Biasanya bakteri dan virus tersebut menyerang anak-anak usia di bawah 2
tahun yang kekebalan tubuhnya lemah atau belum sempurna. Peralihan musim
kemarau ke musim hujan juga menimbulkan resiko serangan ISPA.Beberapa faktor
lain yang diperkirakan berkontribusi terhadap kejadian ISPA pada anak adalah
rendahnya asupan antioksidan, status gizi kurang, dan buruknya sanitasi lingkungan
(Wijayaningsih, 2013).
2
3. MANIFESTASI KLINIS
Tanda dan gejala ISPA pada anak antara lain (Wijayaningsih, 2013):
a. Pilek biasa
b. Keluar sekret cair dan jernih atau mukus dari hidung
c. Kadang bersin-bersin
d. Sakit tenggorokan
e. Nafas cepat
f. Batuk
g. Sakit kepala
h. Sekret menjadi kental
i. Demam
j. Nausea
k. Muntah
l. Anoreksia
m. Diare
n. Nyeri abdomen
4. KLASIFIKASI
Penyakit ISPA secara anatomis mencakup saluran pernafasan bagian atas, saluran
pernafasan bagian bawah (termasuk paru-paru) dan organ aksesoris saluran
pernafasan. Berdasarkan batasan tersebut jaringan paru termasuk dalam saluran
pernafasan (respiratory tract). Program pemberantasan penyakit (P2) ISPA dalam 2
golongan yaitu (Cahyaningrum, 2012):
a. ISPA Non-Pneumonia
Merupakan penyakit yang banyak dikenal masyarakat dengan istilah batuk dan
pilek (common cold).
b.
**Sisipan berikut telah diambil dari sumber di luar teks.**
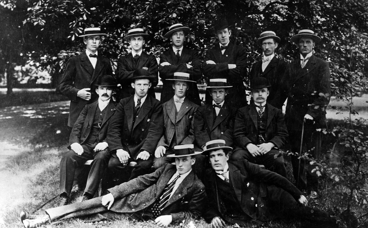 Gruppbild på unga män i en park.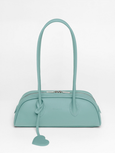 Великолепная функциональная сумка-багет из натуральной кожи от Richet (РИШЕ) закрывается на молнию в стилистике bowling bag.

ISPA Pneumonia
Pengertian pneumonia sendiri merupakan proses infeksi akut yang mengenai
jaringan paru-paru (alveoli) biasanya disebabkan oleh invasi kuman bakteri, yang
ditandai oleh gejala klinik batuk, disertai adanya nafas cepat ataupun tarikan
dinding dada bagian bawah.
Berdasarkan kelompok umur program-programpemberantasan ISPA (P2 ISPA)
mengklasifikasikan ISPA(Cahyaningrum, 2012) sebagai berikut:
3
1. Kelompok umur kurang dari 2 bulan, diklasifikasikan atas:
a. Pneumonia berat
Apabila dalam pemeriksaan ditemukan adanya penarikan yang kuat pada
dinding dada bagian bawah ke dalam dan adanya nafas cepat, frekuensi
nafas 60 kali per menit atau lebih.
b. Bukan pneumonia (batuk pilek biasa)
Bila tidak ditemukan tanda tarikan yang kuat dinding dada bagian bawah
ke dalam dan tidak ada nafas cepat, frekuensi kurang dari 60 menit.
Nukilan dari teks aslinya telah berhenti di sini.